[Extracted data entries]
• • • •

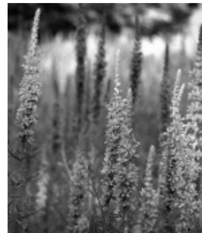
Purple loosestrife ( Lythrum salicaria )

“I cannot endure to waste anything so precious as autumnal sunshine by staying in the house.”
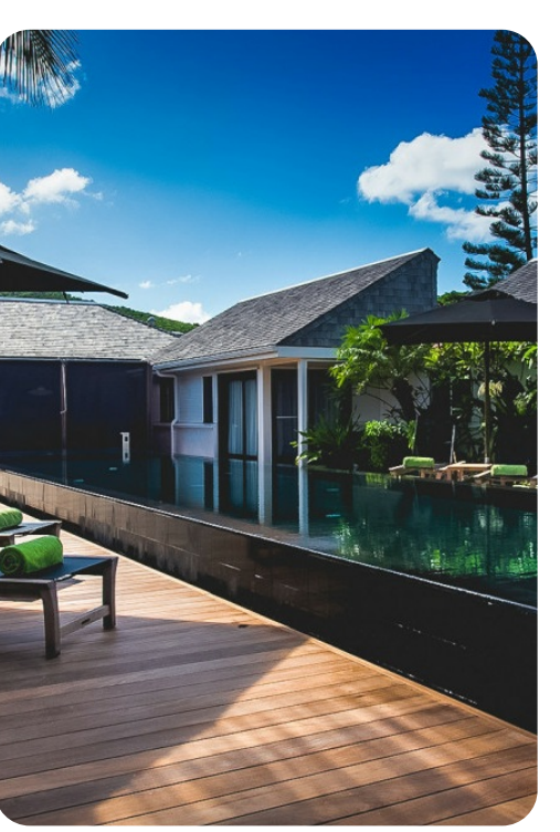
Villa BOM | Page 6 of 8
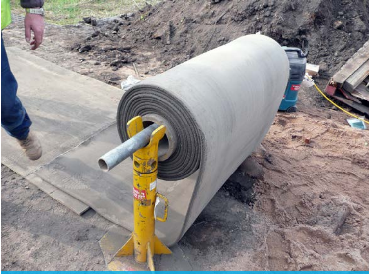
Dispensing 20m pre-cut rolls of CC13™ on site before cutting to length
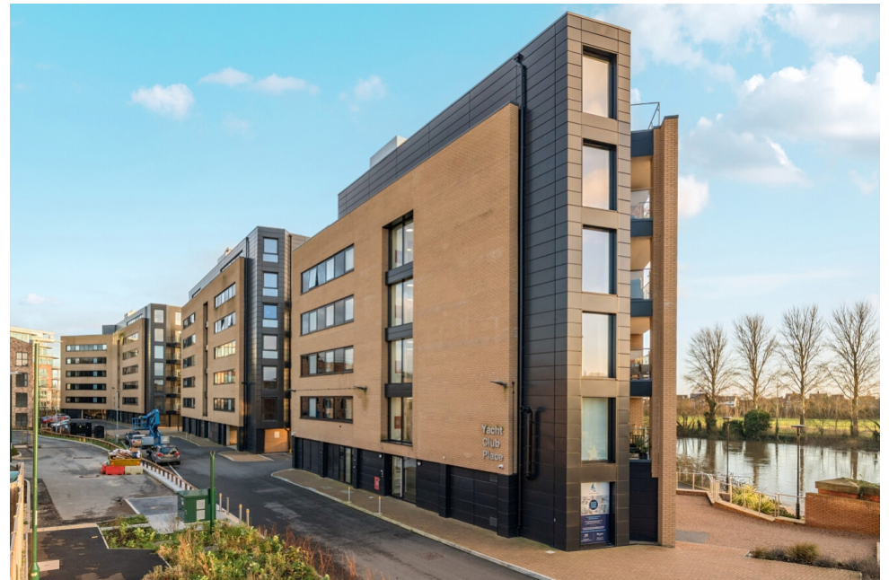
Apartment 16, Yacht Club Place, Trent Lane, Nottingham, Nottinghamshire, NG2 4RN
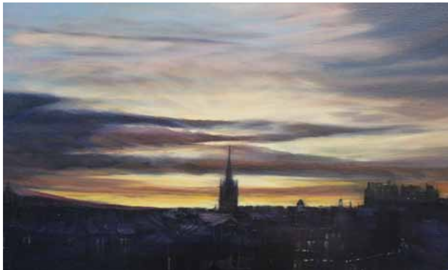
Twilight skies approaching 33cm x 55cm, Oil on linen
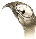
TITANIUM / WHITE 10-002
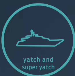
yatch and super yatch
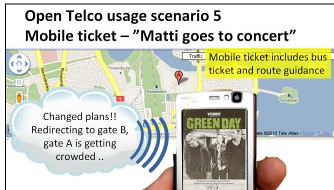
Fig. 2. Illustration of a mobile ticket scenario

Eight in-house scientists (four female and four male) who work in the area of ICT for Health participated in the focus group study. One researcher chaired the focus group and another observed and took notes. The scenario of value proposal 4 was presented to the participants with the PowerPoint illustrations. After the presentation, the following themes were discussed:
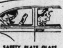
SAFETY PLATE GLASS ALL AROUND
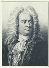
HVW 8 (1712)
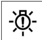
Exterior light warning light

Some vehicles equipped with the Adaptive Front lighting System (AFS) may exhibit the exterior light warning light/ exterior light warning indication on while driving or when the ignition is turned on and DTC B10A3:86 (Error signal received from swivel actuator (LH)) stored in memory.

• • • •

- **ASSIGNED TASK**:
Above are some records. Reproduce the lines from the one with "Dispensing 20m pre-cut" down to the one with "Fig. 2. Illustration", keeping both, and leave every picture out.

- **COMPLETED TASK**:
Dispensing 20m pre-cut rolls of CC13™ on site before cutting to length
Apartment 16, Yacht Club Place, Trent Lane, Nottingham, Nottinghamshire, NG2 4RN
Twilight skies approaching 33cm x 55cm, Oil on linen
TITANIUM / WHITE 10-002
yatch and super yatch
Fig. 2. Illustration of a mobile ticket scenario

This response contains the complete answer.